General Tingle was a cool customer and took this understatement in stride. He stared at me. "All right. So this is… serious. Now, tell me why you-the CIA-are involved?"

"Because there's some chance this involves foreign terrorists."

He nodded. "Time line?"

"If they're true to their word, they'll try to kill the President within the next twenty-four hours."

"You believe this is credible?"

"They just filled two morgues. Don't you?"

He turned to Colonel Johnson. "Al, how long will it take you to scrub the files?"

But before Johnson could reply, I said, "Our FBI friends already did that. We have good reason to believe the weapons were acquired within the last six months, and our other assumptions are fairly obvious. There are three cases that meet our parameters."

I read the case file numbers and dates off my palm to Colonel Johnson, who left to gather the files. Apparently reading my mind, the general ordered coffee, and an aide left to scrounge a pot from the duty officer. The general looked at me and said, "Do you have military experience, Mr. Drummond?"

"I… yes, some."

"Then let me put this in perspective. Right now, we have two wars going on, Afghanistan and Iraq. The Army is shipping equipment and munitions at rates not seen since Vietnam. Visit the port at Galveston

… it's like wandering through the aisles of some military Wal-Mart.
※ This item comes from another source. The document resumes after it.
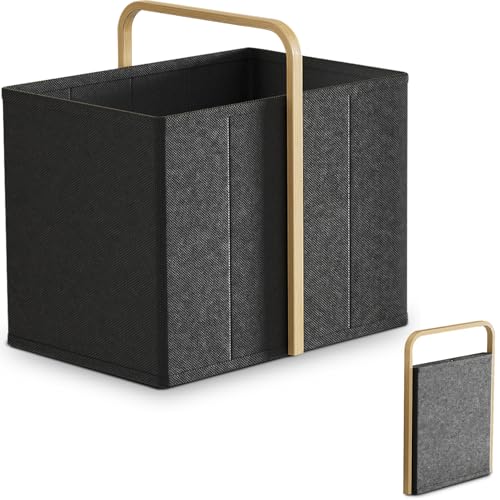 Vireon Collapsible Laundry Washing Baskets with Handle- 65L Large Foldable Bamboo Cloth Fabric Storage Ironing Basket | Space-Saving Folding Design Clothes Laundry Hamper(black)

Thousands of tons of artillery shells, main gun tank rounds, track pads, and spare parts pass out of that port every month."

"Meaning we… you have security problems?" I was having a little trouble with my pronouns.

"We have a security nightmare. Three-quarters of the Army's active, reserve, and National Guard MPs are in Iraq. Nearly all the Army's logistics specialists and security specialists are there, or Afghanistan. We're outsourcing security to civilian firms. They're hiring guys off the street, paying them $8.90 an hour, and begging them not to let their cousins walk through and filch a few Ml6s."

"But these are mines and LAWs," Jennie noted.

The general nodded. "Let me be frank. We don't really know how much is getting ripped off, or lost, or misplaced. And for obvious reasons we can't halt the train to find out. Sometimes, nobody discovers anything missing until the shipping container gets to Iraq or Afghanistan and it's opened and inventoried. Sometimes the guy doing the inventory arbitrarily decides it's just a bookkeeping error. Or he's lazy and doesn't feel like doing the paperwork to report the missing item. And when it's discovered missing overseas, there's always the questions of how, where it was stolen, and when-here, en route, or over there." He paused, and then added, "So what gets detected, and what gets reported to us, and what we choose to report to the FBI, could be a fraction of what's missing."